What you will do
Starting at the first line of the data, print every line up to and including the one with "- Compatibility: Rear", but no pictures.

- - -

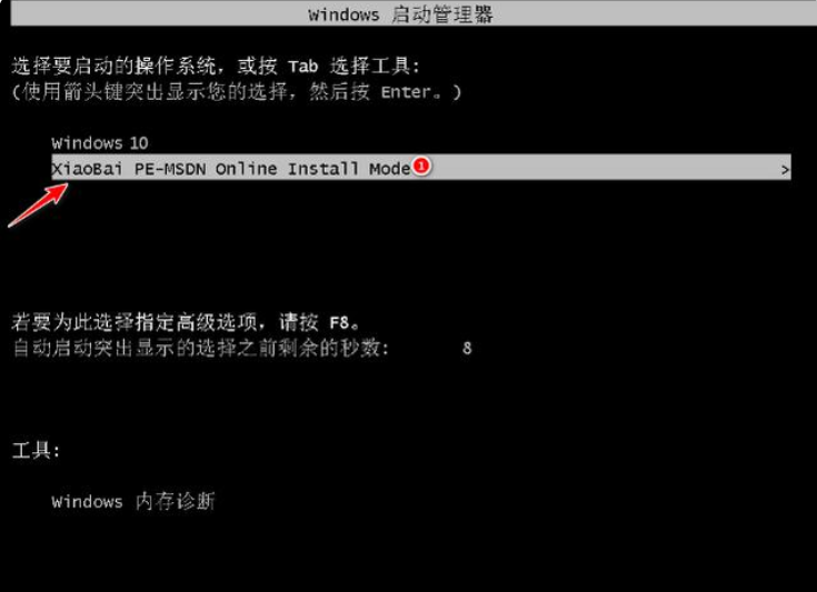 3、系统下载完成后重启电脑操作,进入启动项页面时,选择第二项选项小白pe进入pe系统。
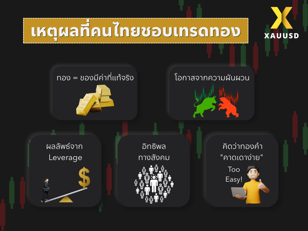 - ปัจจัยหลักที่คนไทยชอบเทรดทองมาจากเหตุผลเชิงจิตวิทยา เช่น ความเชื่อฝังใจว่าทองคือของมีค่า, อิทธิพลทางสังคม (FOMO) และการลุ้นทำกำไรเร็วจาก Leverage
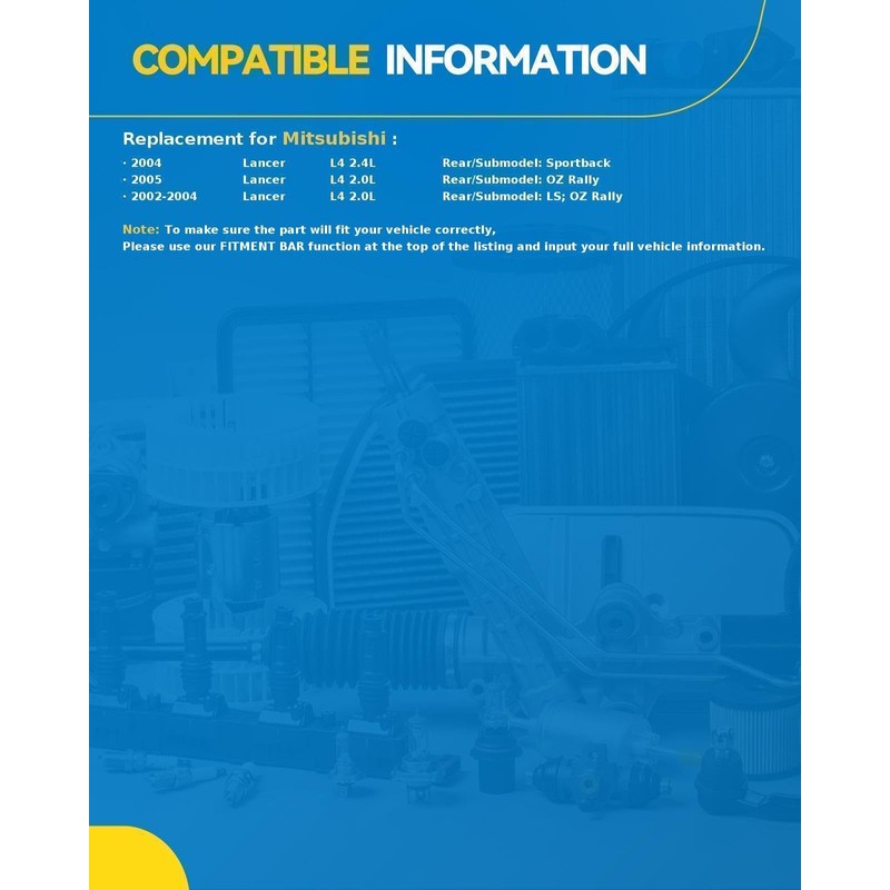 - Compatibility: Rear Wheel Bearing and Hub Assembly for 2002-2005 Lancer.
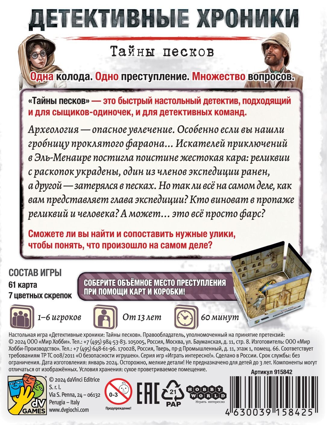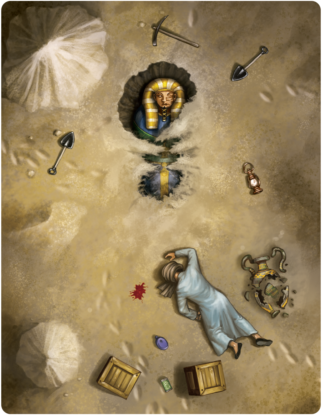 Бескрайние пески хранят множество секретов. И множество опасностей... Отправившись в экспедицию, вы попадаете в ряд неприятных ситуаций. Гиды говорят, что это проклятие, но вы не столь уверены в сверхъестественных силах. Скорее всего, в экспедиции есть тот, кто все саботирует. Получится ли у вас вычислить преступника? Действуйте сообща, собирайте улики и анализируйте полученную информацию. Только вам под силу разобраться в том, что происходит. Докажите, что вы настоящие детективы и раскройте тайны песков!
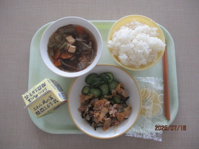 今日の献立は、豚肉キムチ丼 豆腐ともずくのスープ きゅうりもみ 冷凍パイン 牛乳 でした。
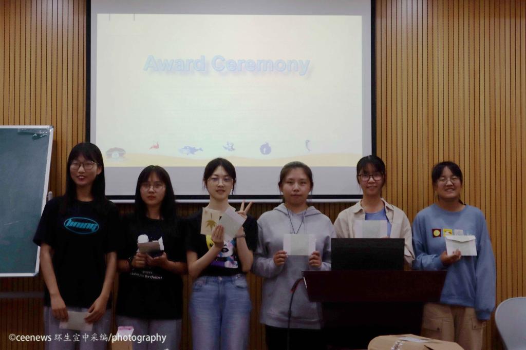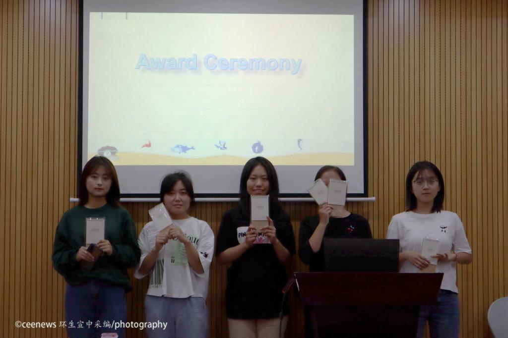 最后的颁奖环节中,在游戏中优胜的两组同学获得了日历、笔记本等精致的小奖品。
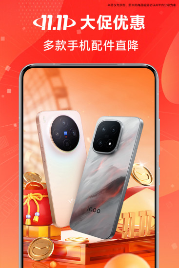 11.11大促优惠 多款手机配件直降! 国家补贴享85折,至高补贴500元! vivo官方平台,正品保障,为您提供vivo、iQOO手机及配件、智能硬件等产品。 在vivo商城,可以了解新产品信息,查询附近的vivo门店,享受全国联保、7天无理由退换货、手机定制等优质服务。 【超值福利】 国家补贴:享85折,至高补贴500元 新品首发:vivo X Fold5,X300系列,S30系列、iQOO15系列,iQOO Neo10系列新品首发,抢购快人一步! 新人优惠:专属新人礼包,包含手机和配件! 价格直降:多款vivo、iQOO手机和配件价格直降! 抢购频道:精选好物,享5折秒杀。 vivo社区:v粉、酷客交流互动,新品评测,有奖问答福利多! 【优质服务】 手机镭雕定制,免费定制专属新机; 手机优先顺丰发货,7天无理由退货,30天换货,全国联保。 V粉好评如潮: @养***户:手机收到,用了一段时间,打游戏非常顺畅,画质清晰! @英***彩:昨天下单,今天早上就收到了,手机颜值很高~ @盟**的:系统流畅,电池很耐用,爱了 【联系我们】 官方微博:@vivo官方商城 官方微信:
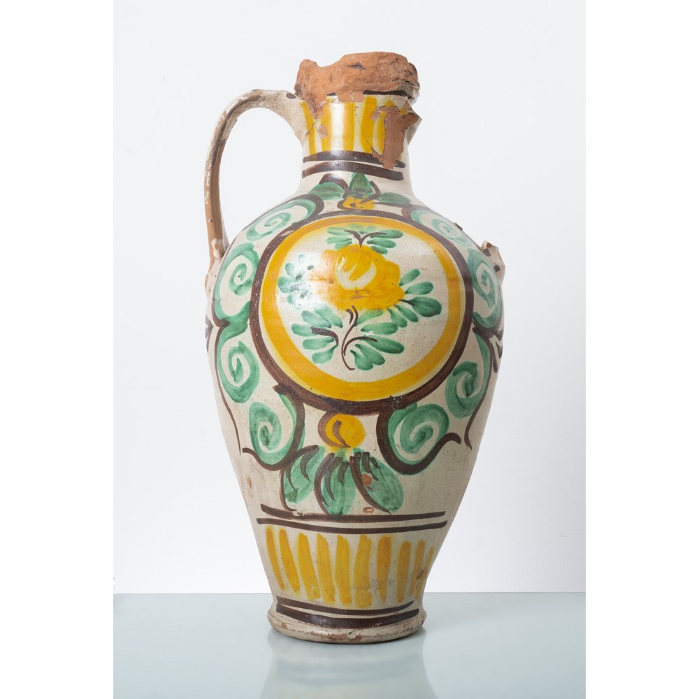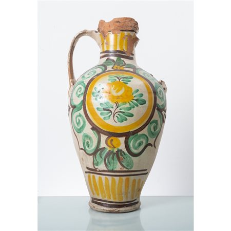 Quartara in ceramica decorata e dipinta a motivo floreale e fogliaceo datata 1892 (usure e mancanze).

- - -

Exercise response
 3、系统下载完成后重启电脑操作,进入启动项页面时,选择第二项选项小白pe进入pe系统。
 - ปัจจัยหลักที่คนไทยชอบเทรดทองมาจากเหตุผลเชิงจิตวิทยา เช่น ความเชื่อฝังใจว่าทองคือของมีค่า, อิทธิพลทางสังคม (FOMO) และการลุ้นทำกำไรเร็วจาก Leverage
 - Compatibility: Rear Wheel Bearing and Hub Assembly for 2002-2005 Lancer.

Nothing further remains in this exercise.